• _What to work on_
The task calls for the line containing "Verstelbare gesublimeerde crossbody-houder" and all later lines, through the end of the entries below, to be set down exactly and without pictures.

• _Records from a data collection_
● ● ● ● ● ● ●

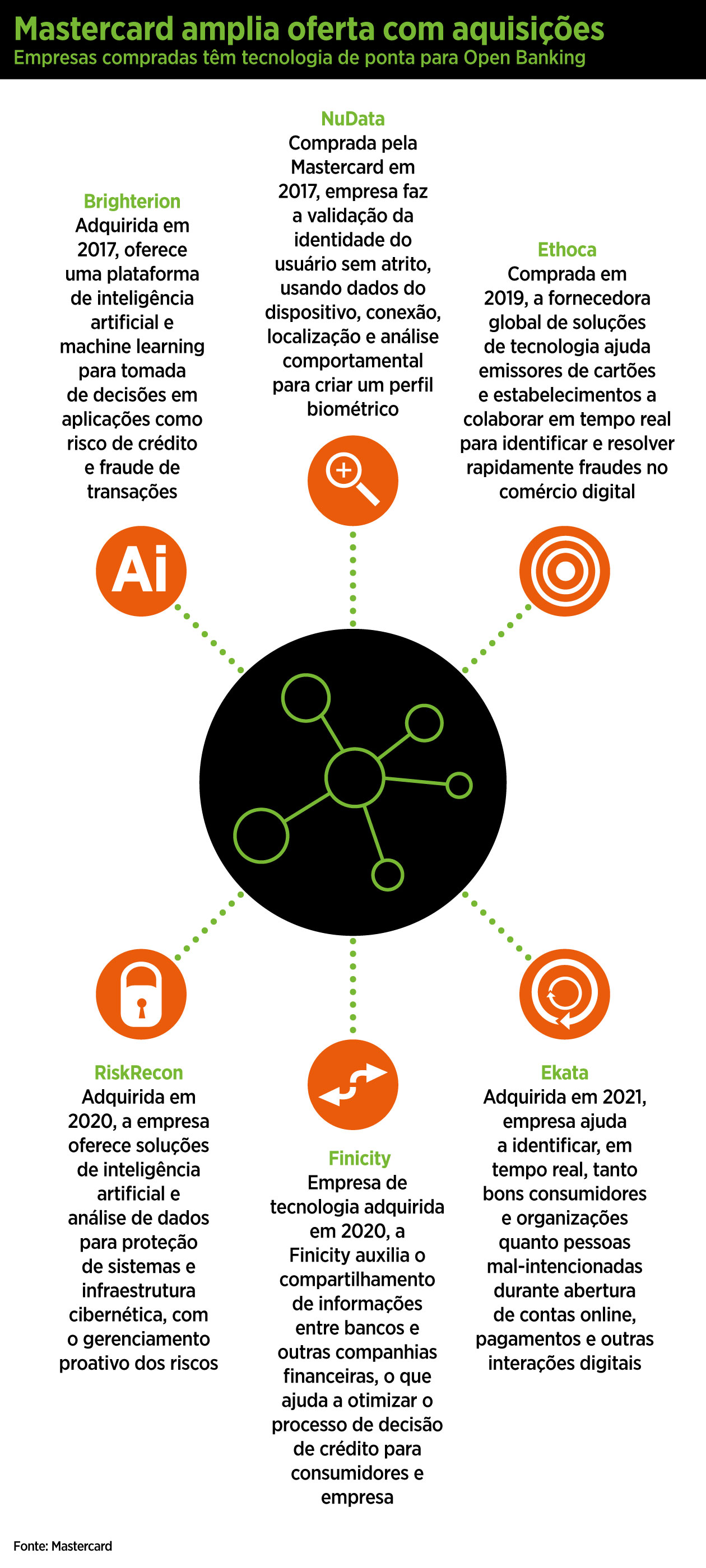 A Mastercard atua em Open Banking também nos Estados Unidos e, para ampliar sua oferta de soluções, comprou, no ano passado, a empresa de tecnologia Finicity, especializada no compartilhamento de informações entre bancos e outras companhias financeiras. A Finicity ajuda a otimizar o processo de decisão de crédito tanto para consumidores como para empresas e processa mais de 80% dos empréstimos imobiliários realizados no país.
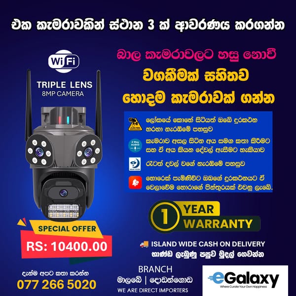 搜索关键词 CCTV camera, home security, security system, night vision camera, smartphone camera, live view camera, cloud storage camera, two way audio, Sri Lanka security, island wide delivery优势 Live View via Smartphone,Playback Option,Cloud + MicroSD Support,Full Color Night Vision,Two Way Audio,Smart Auto Connect,One Year Warranty,Island Wide Cash on Delivery
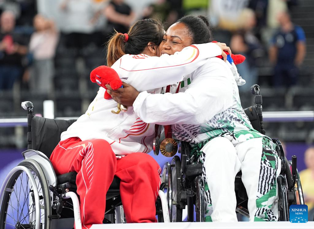 Gold medalist Onyinyechi Mark (R) of Nigeria hugs silver medalist Cui Jianjin of China during the awarding ceremony for the para powerlifting women's up to 61kg event at the Paris 2024 Paralympic Games in Paris, France, Sept. 6, 2024. (Xinhua/Lian Yi)
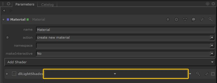 | 4. | Select Add shader > dl> light within the Material node’s Parameters tab. |
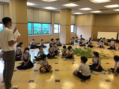 はじめに、2年 生活科担当の岡崎先生より、「七夕」の伝説を聞きました。
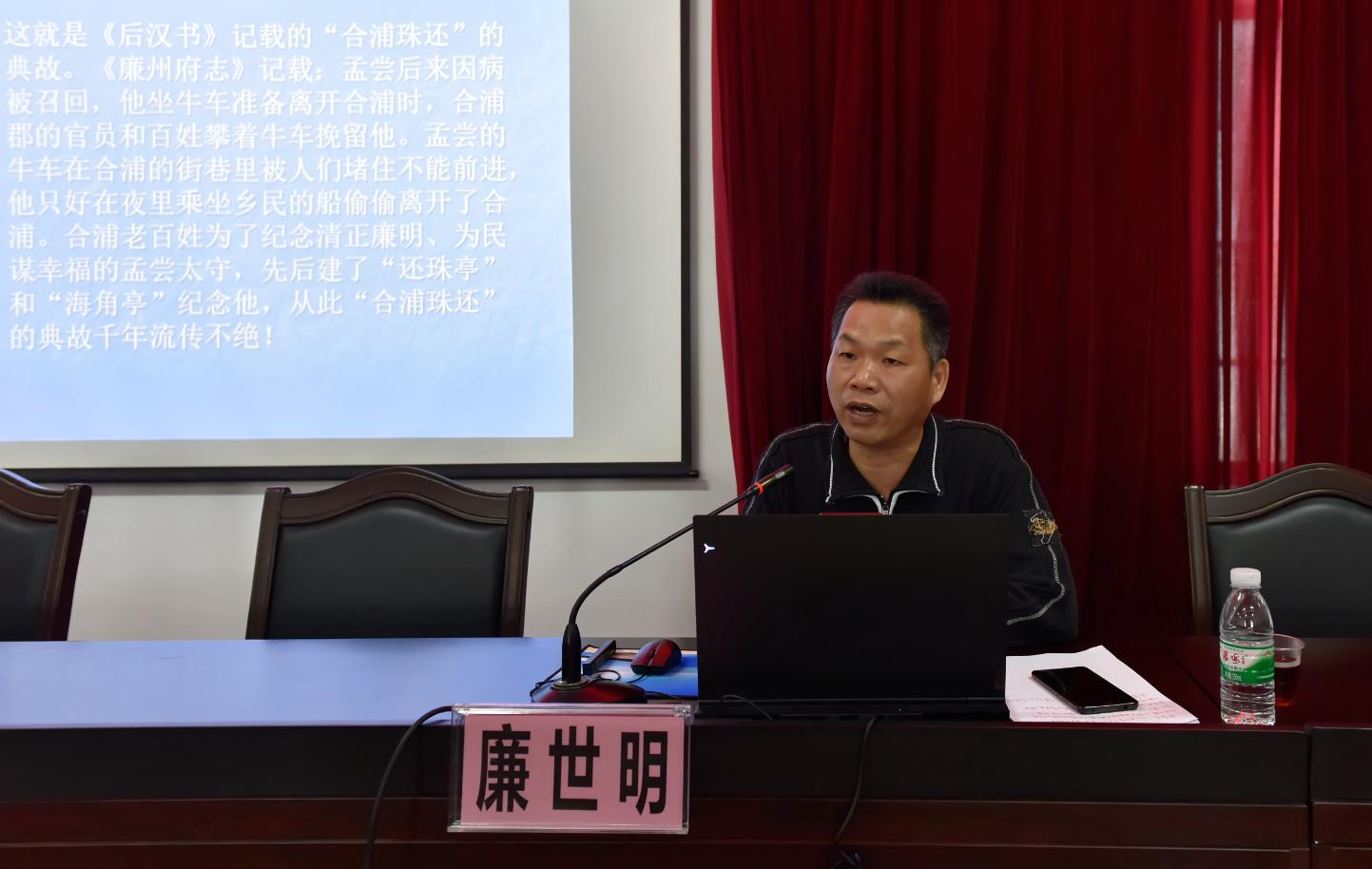 10月22日,合浦县第八场“廉州之廉”巡回大讲堂活动在县农业农村局举行。县博物馆馆长廉世明应邀授课,县农业农村局党组成员、副局长陈宗琼主持活动。
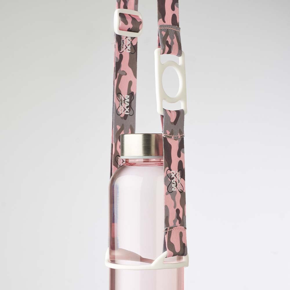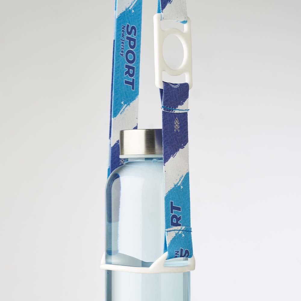 Verstelbare gesublimeerde crossbody-houder voor flessen en waterflessen, bedrukt in full color aan beide zijden.
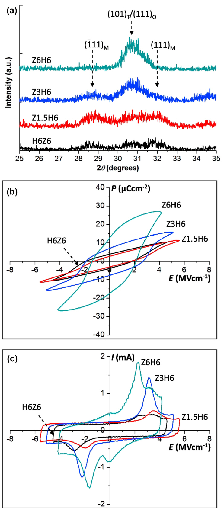 Analyses of ZrO2/HfO2 and HfO2/ZrO2 bilayer thin films: (a) GIXRD patterns, (b) P-E hysteresis curves and (c) I-E curves
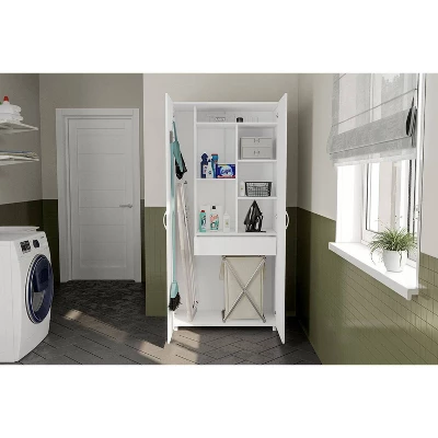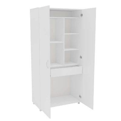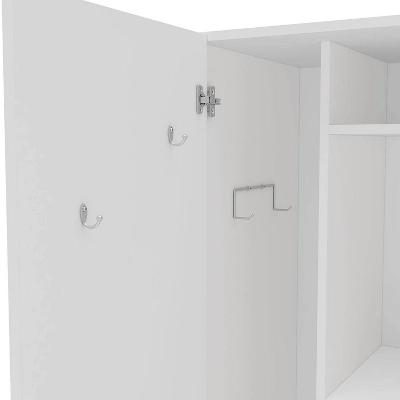 The Santa Fe 2 Door Storage Cabinet from Polifurniture is just what your home needs. This cabinet is perfect for your kitchen, laundry area or any room in your home that needs extra storage. This cabinet features plenty of storage options to keep your home looking neat and organized. There are 6 open cubbies in various sizes, two larger storage sections perfect for bigger items, and 1 large drawer. There are 4 hooks to hang items and utilize more space. Constructed from engineered wood with a durable and resistant melamine finish. This versatile cabinet’s simple modern design and white finish will fit with any current home décor.

● ● ● ● ● ● ●

• _Reply_
 Verstelbare gesublimeerde crossbody-houder voor flessen en waterflessen, bedrukt in full color aan beide zijden.
 Analyses of ZrO2/HfO2 and HfO2/ZrO2 bilayer thin films: (a) GIXRD patterns, (b) P-E hysteresis curves and (c) I-E curves
 The Santa Fe 2 Door Storage Cabinet from Polifurniture is just what your home needs. This cabinet is perfect for your kitchen, laundry area or any room in your home that needs extra storage. This cabinet features plenty of storage options to keep your home looking neat and organized. There are 6 open cubbies in various sizes, two larger storage sections perfect for bigger items, and 1 large drawer. There are 4 hooks to hang items and utilize more space. Constructed from engineered wood with a durable and resistant melamine finish. This versatile cabinet’s simple modern design and white finish will fit with any current home décor.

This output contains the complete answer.